Bridge that lights the way to better quality of life

Cuningar loop Woodland Park opened to the public in august 2015 on an area of vacant and derelict scrubland on the banks of the Clyde less than a mile from rutherglen town centre and directly across from the athletes’ Village.

Clyde Gateway has received £2.3m of Scottish Government funding through the Clyde Mission Fund to create phase two, which will extend the park by a further 8.53 hectares in partnership with NatureScot.

This will see the transformation of previously derelict and inaccessible land into a new green space designed to enable community engagement, health, wellbeing, and lifelong learning as part of the local response to the Covid-19 pandemic.

“What we are aiming to do is integrate walking and cycling routes and we have been planning these routes since the inception of Clyde Gateway,” says Martin Mckay, who points to the Clyde Smartbridge that connects Shawfield to Dalmarnock, carrying a pedestrian walkway and cycle path across the Clyde with a range of power, telecoms and IT connections over the river to nearby business parks.

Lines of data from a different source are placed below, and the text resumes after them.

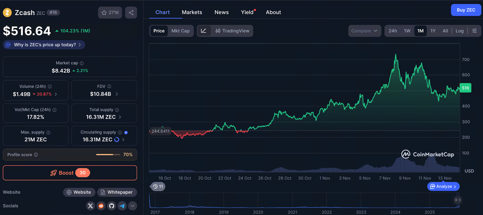 Источник: https://coinmarketcap.com/currencies/zcash/
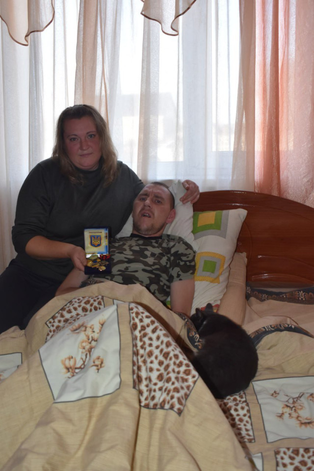 Він лежить на ліжку і намагається усміхнутися. Бо ж знає, що це прийшли журналісти, аби розповісти усім про його хоробрість, стійкість і боротьбу за життя. Він уважно слухає, як його дружина, його опора розповідає в деталях увесь воєнний шлях коханого. І час до часу його погляд робиться дуже сумним. А поряд на ліжку, згорнувшись клубочком, лежить котик.
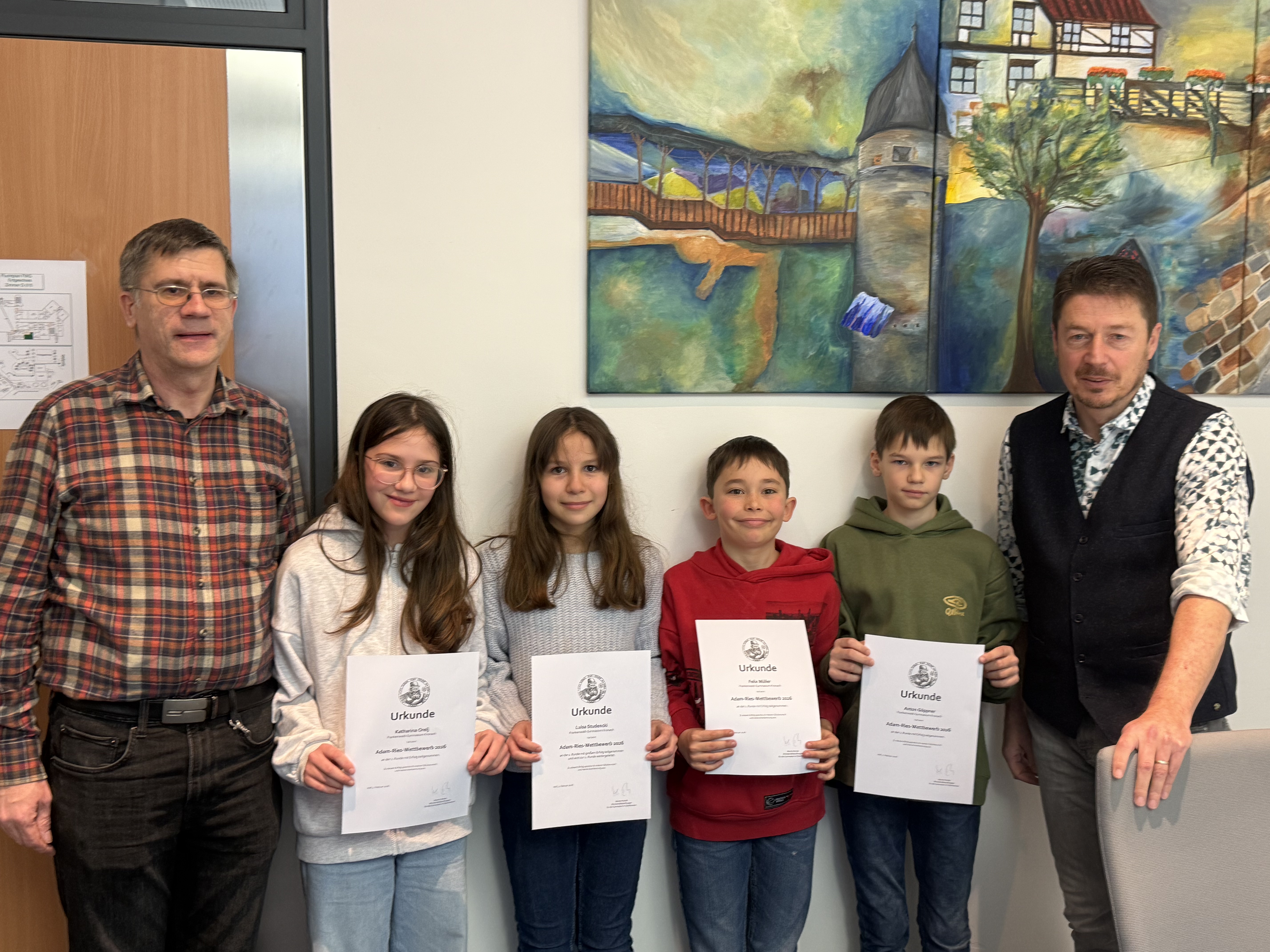 Während sich die Jury, bestehend aus Herrn Sattler, Frau Aust und Frau Hanke, beratend zurückzog, durften sich die Schülerinnen und Schüler in Klein-Gruppen über ihr im Zuge des Klassenentscheids gelesenen Buches unterhalten und austauschen. Schließlich war es soweit: Die Jury kehrte zurück und verkündete das Ergebnis.
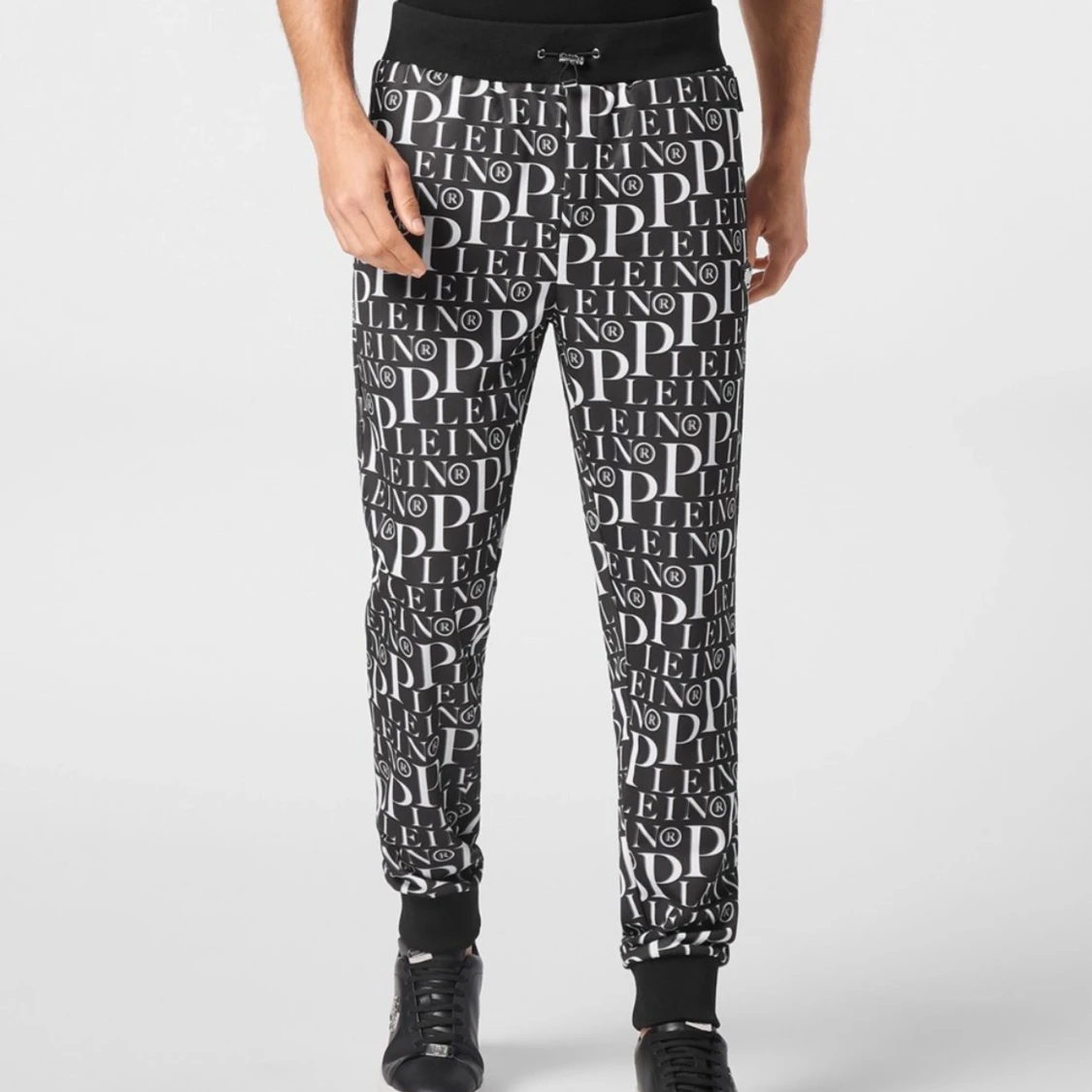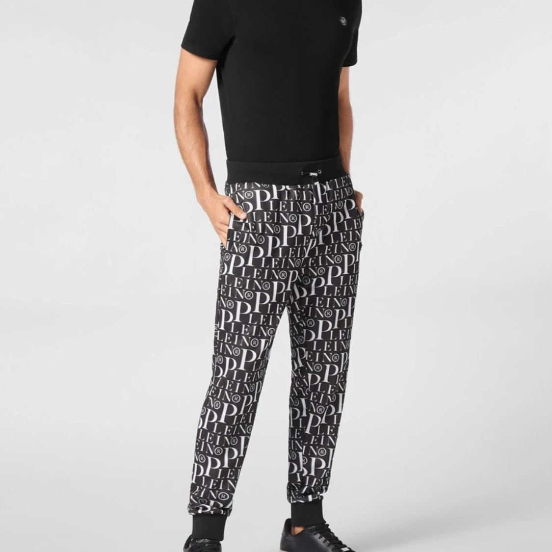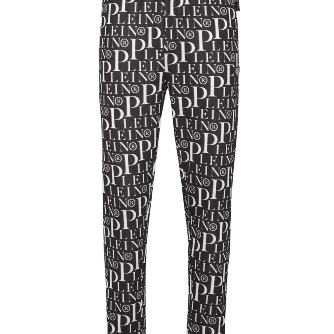Säljer ett par svarta Phillip Plein mjukisbyxor med en fet vit logotyp över hela tyget. De har en elastisk midja med snörning och muddar vid bensluten. Perfekta för en avslappnad stil eller chill hemma. Superbekväma och stiliga!
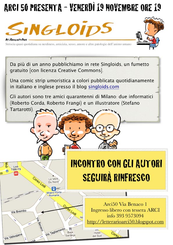 Il circolo Arci50 di Milano ci ha gentilmente invitato a partecipare a uno dei loro aperitivi letterari del venerdì per scambiare due chiacchiere su Singloids, bere qualcosa e presentare la nostra raccolta di strisce.
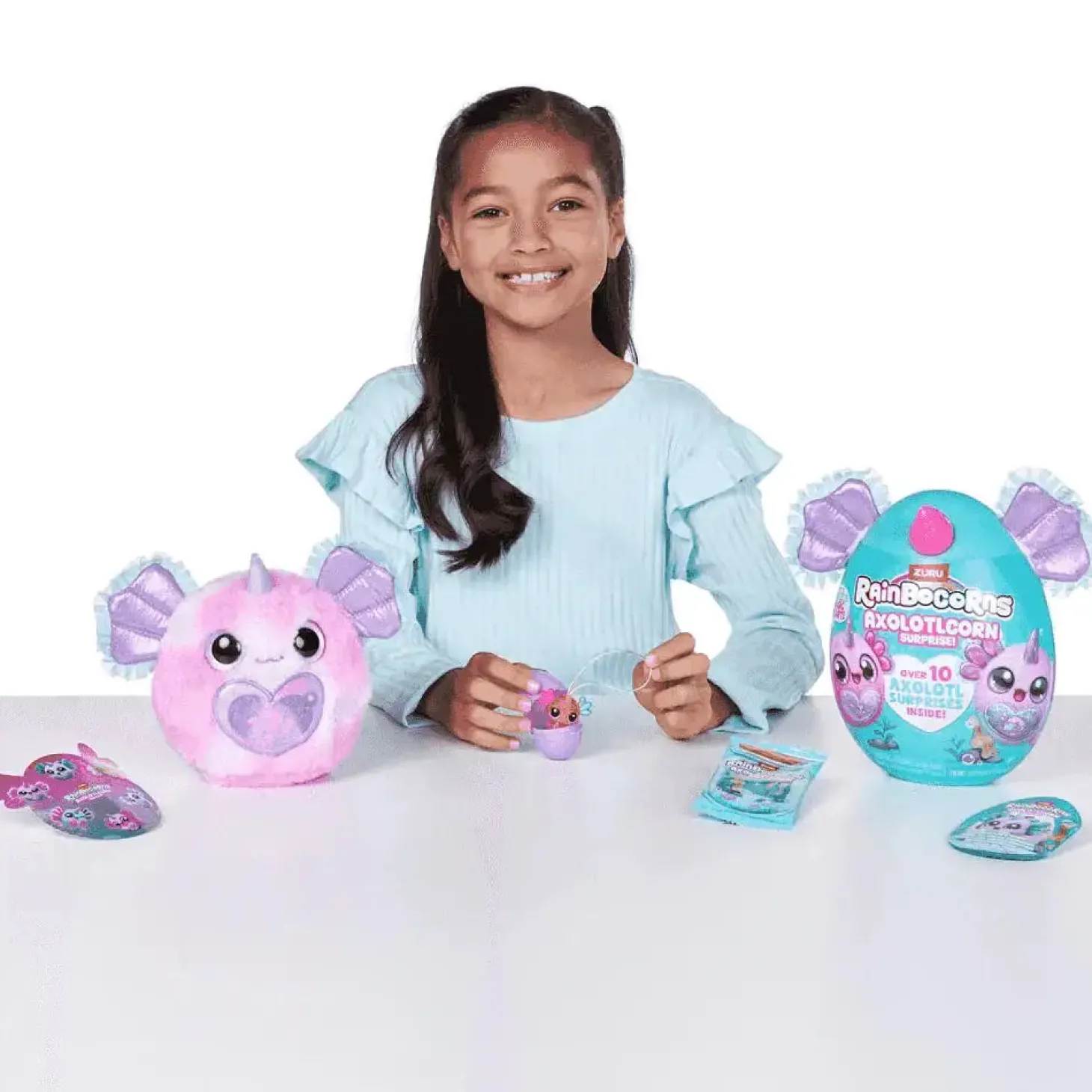 Descubre qué personaje te toca y amplía tu colección Rainbocorns con estos amigos inspirados en axolotes mágicos. Contenido surtido según la serie.

“The bridge aims to regenerate the areas of Shawfield and rutherglen by halving the walking time from these areas and Magenta Business Park to Dalmarnock station, aiding in the regeneration of both banks of the river,” he says.

“The aim is to create key areas in which people can live and work; that both reduces car dependency and enhances their quality of life.”

Cuningar loop will shortly be home to a new artwork, the Hope Sculpture by Steuart Padwick. “We are very pleased to be welcoming the Hope Sculpture,” says Mckay.

“This is a major public art installation showcasing how we can approach construction in the lowest carbon way.”